[Dataset records]

□ □ □ □

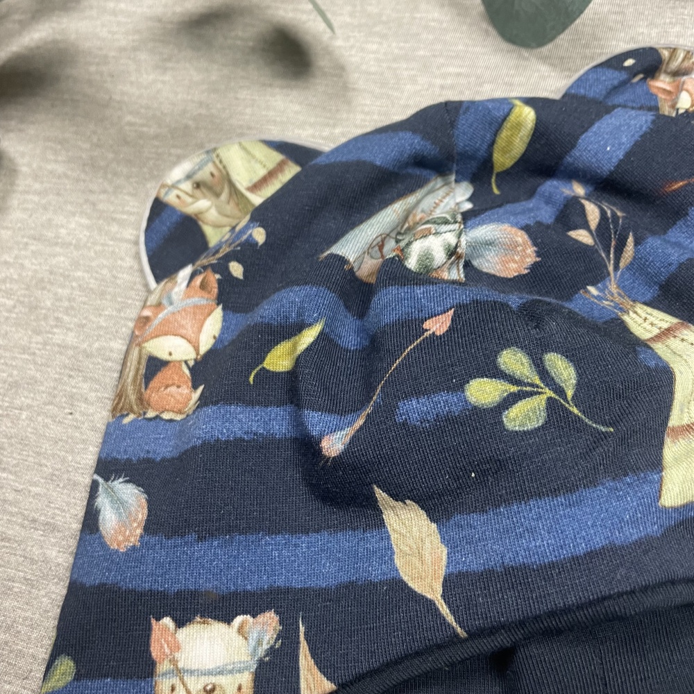 44/46 - fits to the child's head with circumference 44-48, clothing size 80 (9-12 months)
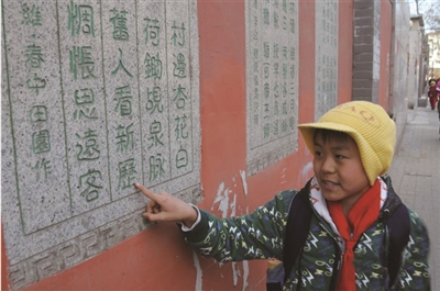 12月8日,山西太原桃园南路西里街,刻有近百首唐诗的文化墙上,繁体字错用竟有33处之多,被网友称为“尴尬文化墙”。图为文化墙上王维《春中田园作》中的“舊人看新歴”诗句,“暦”字错用为“歴”。
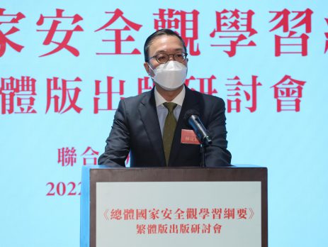 《总体国家安全观学习纲要》繁体版出版研讨会今日(8日)举行。出席今日活动的,包括特区政府律政司司长林定国、中联办副主任尹宗华、中央驻港国安公署副署长李江舟、联合出版集团董事长傅伟中等人。多位专家亦在会上发言。 基本法委员会副主任谭惠珠强调香港国安法具法理依据。她说新时代国家面对的挑战不再限于传统观念的政治安全、国土安全和军事安全,中国的总体国家安全观将国家安全的概念扩阔至其他重点领域,以确保国家安全工作能全方位覆盖不同层面。她更指出国家安全关乎全体人民的福祉,在这个问题上,只有「一国」之责,没有「两制」之别。 基本法委员会原副主任梁爱诗在发言时表示,自己多次以义工身份,面向办学团体、学校教师和社会团体等,宣讲国家安全与香港的关系,认为应从历史解释国家安全的重要性,且必须加强宪法和基本法的教育。她认为国家安全教育是公民教育、国民教育和法治教育,为社会培育好公民,是每个老师的责任。她说国安教育应有清晰的目标、详细的课程内涵和设计,要有维护国家安全的使命感。 香港都会大学荣休校长黄玉山在发言时分享了学习《纲要》的四点体会,包括坚持国家安全是安邦定国的基石、坚持国土安全和政权安全是头等大事、坚持一切以人民安全为宗旨及坚持统筹发展和安全之间的辩证统一。他又呼吁要有坚定的信心、勇敢的斗志和坚强的毅力,要像《纲要》里所说的:「要让发展和安全两个目标有机融合,实现高质量的发展和高水平的良性互动」。 香港新时代发展智库主席屠海鸣表示,香港落实总体国家安全观须把握三个关键问题,一是全面认识总体国家安全观;二是准确把握香港维护国家安全的重点;三是尽快补上维护国家安全的短板。他说,总体国家安全观为「一国两制」的香港实践提供了指引,把握好以上三个关键问题,香港必能进一步筑牢「一国」根基、扩大「两制」空间,推动「一国两制」行稳致远。 香港大学副教授阎小骏表示,香港核心优势在于背靠祖国、联通世界,这保证了香港是中国与外部世界经济贸易交往的枢纽,又是中外沟通交流的战略纽带,始终扮演贯通中西的交流平台这一特殊重要角色。香港要在复杂多变的国际局势中保持持续开放态势,成为中国构建新发展格局可以信赖的平台通道,必须认真维护国家安全,维护和谐的政治环境,才能促进社会安定有序、特区长治久安。
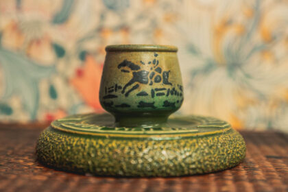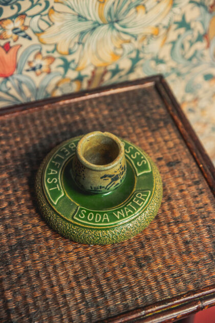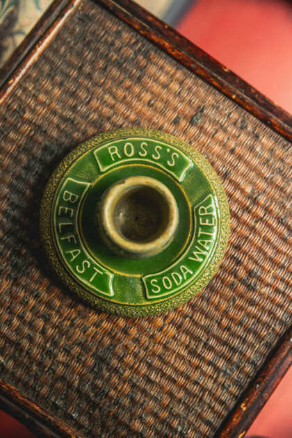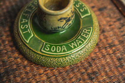 A green glazed ceramic match holder and striker for Ross's Belfast Soda Water. Bears impressed lettering to base, "Leadless Glaze" and, "Lovett Langley Mill England".
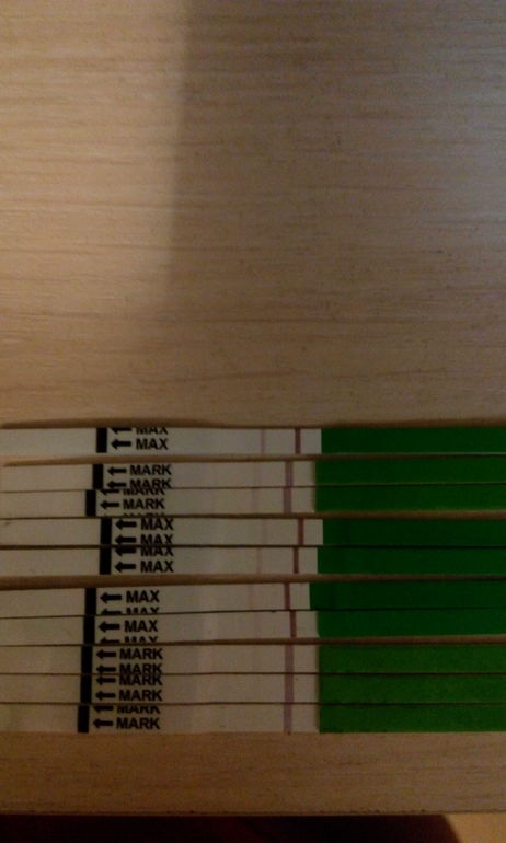 Овуляция( тесты на овуляцию)Пыталась поймать овуляцию тестами купила 2пачки по 5 штук. И только последний 10й тест ярче других, но все равно полоска не такая яркая как контрольная. Получается на 19 д.ц. утром у меня поярчала полоска а на 20 д.ц. (Сегодня) утром я сделала узи и там уже желтое тело. Па были на 12,15,18 дни. Как думаете есть шанс? И когда она все таки была вчера или сегодня? Надо наверное сегодня еще постараться, вдруг сегодня только лопнул фолик, правильно? Яйцеклетка сколько живет сутки? Я вообще не ожидала что меня обрадуют на узи, спкя всегда ставили и по узи никогда не видели овуляции. Фото тестов
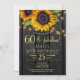 Soirée rustique de soixantième anniversaire de pays modèle d'invitation élégante sur bois de grange brun foncé arrière - plan avec de grands bouquets de tournesols jaune or, cordes de lumières scintillantes et un script de typographie faux or. ++++++++++++++++++++++ Facile à personnaliser avec vos détails ! Vous pouvez choisir de le customiser en changeant davantage les polices et les couleurs de l'écriture. +++++++++++++++++ L'invitation est adaptée pour jardin extérieur / jardin rustique brunch champêtre / barbecue été ou automne fêtes d'anniversaire
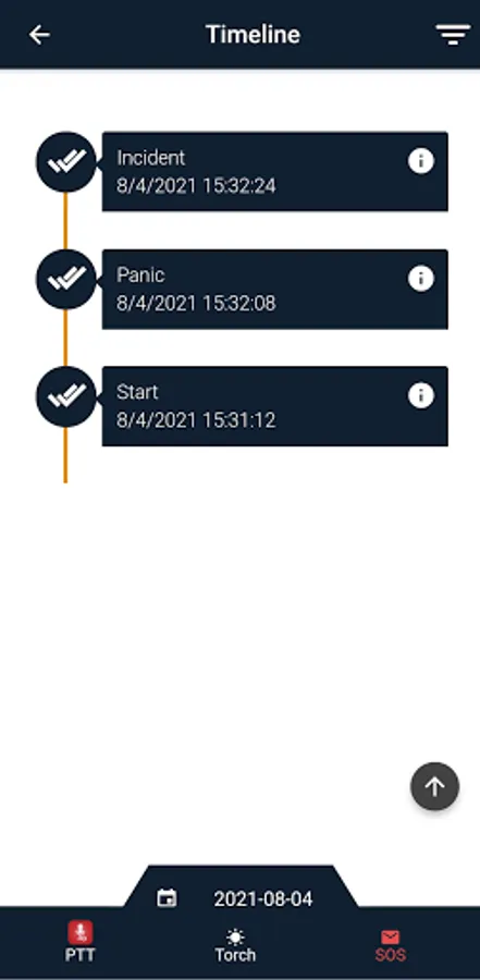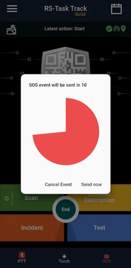 In the app there is also a TEST button and a SOS button. Also the Technician can send pictures and sound recording live to the control room.
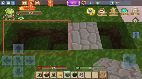 左边的坑是用来放水的,右边的坑是用来放岩浆,划重点:左边的坑第2个格子向下挖2块土地,这样会形成一个阶梯,水会向下流动!
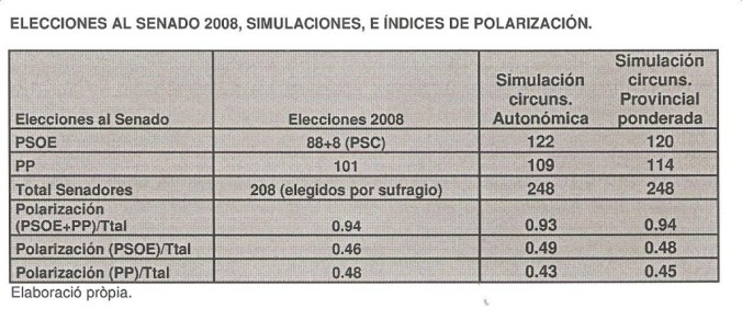 La distribución de escaños de las simulaciones no cambia la polarización actual de 0.94, (tomando como total los 208 Senadores elegidos por sufragio directo), o 0.93 si se incluye los 260 Senadores. (No se incluyen los de Ceuta y Melilla) Así pues, sea una u otra la simulación que se considere, circunscripción autonómica o provincial ponderada, persiste la misma polarización 0.93 y 0.94. Y, por lo que se refiere a los dos partidos hegemónicos, hoy, sumando los Senadores electos y de designación autonómica, tiene una polarización de 0.47 el PSOE y 0.46 el PP. En la propuesta de nueva composición del Senado, el PSOE estaría en 0.49 por 0.43 del PP, en el supuesto de circunscripción autonómica, o en 0.48 el PSOE y 0.45 el PP, en el según supuesto de circunscripción provincial ponderada.
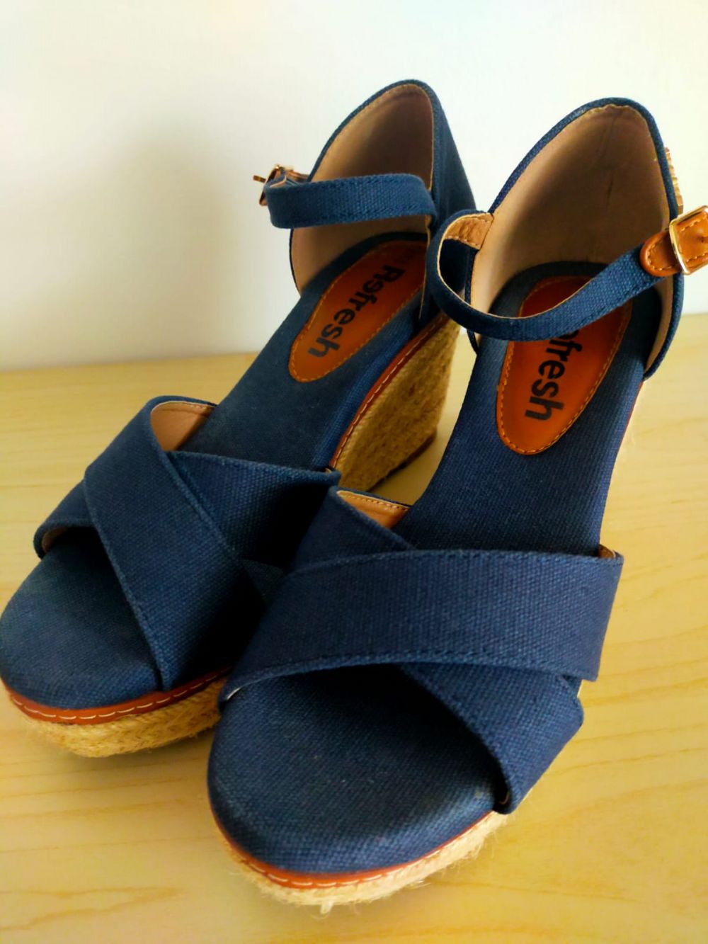 Sandalo Blue Jeans e corda, zeppa 8cm
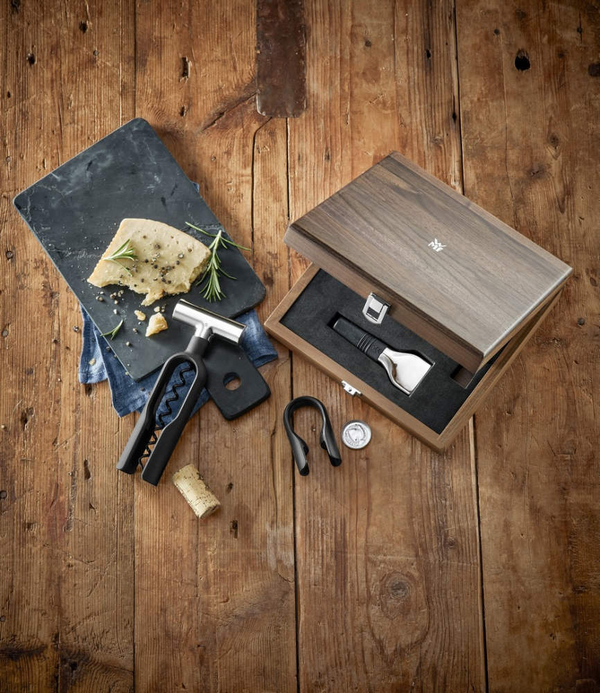 Set zahrnuje 5 profesionálních doplňků pro milovníky vína v krabičce z ušlechtilého ořechového dřeva (1x vývrtka, 1x řezačka fólií, 1x uzávěr na láhev, 1x nálevka, 1x otvírák na láhve).

□ □ □ □

→ WORK TASK:
If a picture appears among the records, leave it out, and otherwise reproduce exactly every line from the first line through the one with "Овуляция( тесты на", both included.

→ ANSWER AREA:
 44/46 - fits to the child's head with circumference 44-48, clothing size 80 (9-12 months)
 12月8日,山西太原桃园南路西里街,刻有近百首唐诗的文化墙上,繁体字错用竟有33处之多,被网友称为“尴尬文化墙”。图为文化墙上王维《春中田园作》中的“舊人看新歴”诗句,“暦”字错用为“歴”。
 《总体国家安全观学习纲要》繁体版出版研讨会今日(8日)举行。出席今日活动的,包括特区政府律政司司长林定国、中联办副主任尹宗华、中央驻港国安公署副署长李江舟、联合出版集团董事长傅伟中等人。多位专家亦在会上发言。 基本法委员会副主任谭惠珠强调香港国安法具法理依据。她说新时代国家面对的挑战不再限于传统观念的政治安全、国土安全和军事安全,中国的总体国家安全观将国家安全的概念扩阔至其他重点领域,以确保国家安全工作能全方位覆盖不同层面。她更指出国家安全关乎全体人民的福祉,在这个问题上,只有「一国」之责,没有「两制」之别。 基本法委员会原副主任梁爱诗在发言时表示,自己多次以义工身份,面向办学团体、学校教师和社会团体等,宣讲国家安全与香港的关系,认为应从历史解释国家安全的重要性,且必须加强宪法和基本法的教育。她认为国家安全教育是公民教育、国民教育和法治教育,为社会培育好公民,是每个老师的责任。她说国安教育应有清晰的目标、详细的课程内涵和设计,要有维护国家安全的使命感。 香港都会大学荣休校长黄玉山在发言时分享了学习《纲要》的四点体会,包括坚持国家安全是安邦定国的基石、坚持国土安全和政权安全是头等大事、坚持一切以人民安全为宗旨及坚持统筹发展和安全之间的辩证统一。他又呼吁要有坚定的信心、勇敢的斗志和坚强的毅力,要像《纲要》里所说的:「要让发展和安全两个目标有机融合,实现高质量的发展和高水平的良性互动」。 香港新时代发展智库主席屠海鸣表示,香港落实总体国家安全观须把握三个关键问题,一是全面认识总体国家安全观;二是准确把握香港维护国家安全的重点;三是尽快补上维护国家安全的短板。他说,总体国家安全观为「一国两制」的香港实践提供了指引,把握好以上三个关键问题,香港必能进一步筑牢「一国」根基、扩大「两制」空间,推动「一国两制」行稳致远。 香港大学副教授阎小骏表示,香港核心优势在于背靠祖国、联通世界,这保证了香港是中国与外部世界经济贸易交往的枢纽,又是中外沟通交流的战略纽带,始终扮演贯通中西的交流平台这一特殊重要角色。香港要在复杂多变的国际局势中保持持续开放态势,成为中国构建新发展格局可以信赖的平台通道,必须认真维护国家安全,维护和谐的政治环境,才能促进社会安定有序、特区长治久安。
 A green glazed ceramic match holder and striker for Ross's Belfast Soda Water. Bears impressed lettering to base, "Leadless Glaze" and, "Lovett Langley Mill England".
 Овуляция( тесты на овуляцию)Пыталась поймать овуляцию тестами купила 2пачки по 5 штук. И только последний 10й тест ярче других, но все равно полоска не такая яркая как контрольная. Получается на 19 д.ц. утром у меня поярчала полоска а на 20 д.ц. (Сегодня) утром я сделала узи и там уже желтое тело. Па были на 12,15,18 дни. Как думаете есть шанс? И когда она все таки была вчера или сегодня? Надо наверное сегодня еще постараться, вдруг сегодня только лопнул фолик, правильно? Яйцеклетка сколько живет сутки? Я вообще не ожидала что меня обрадуют на узи, спкя всегда ставили и по узи никогда не видели овуляции. Фото тестов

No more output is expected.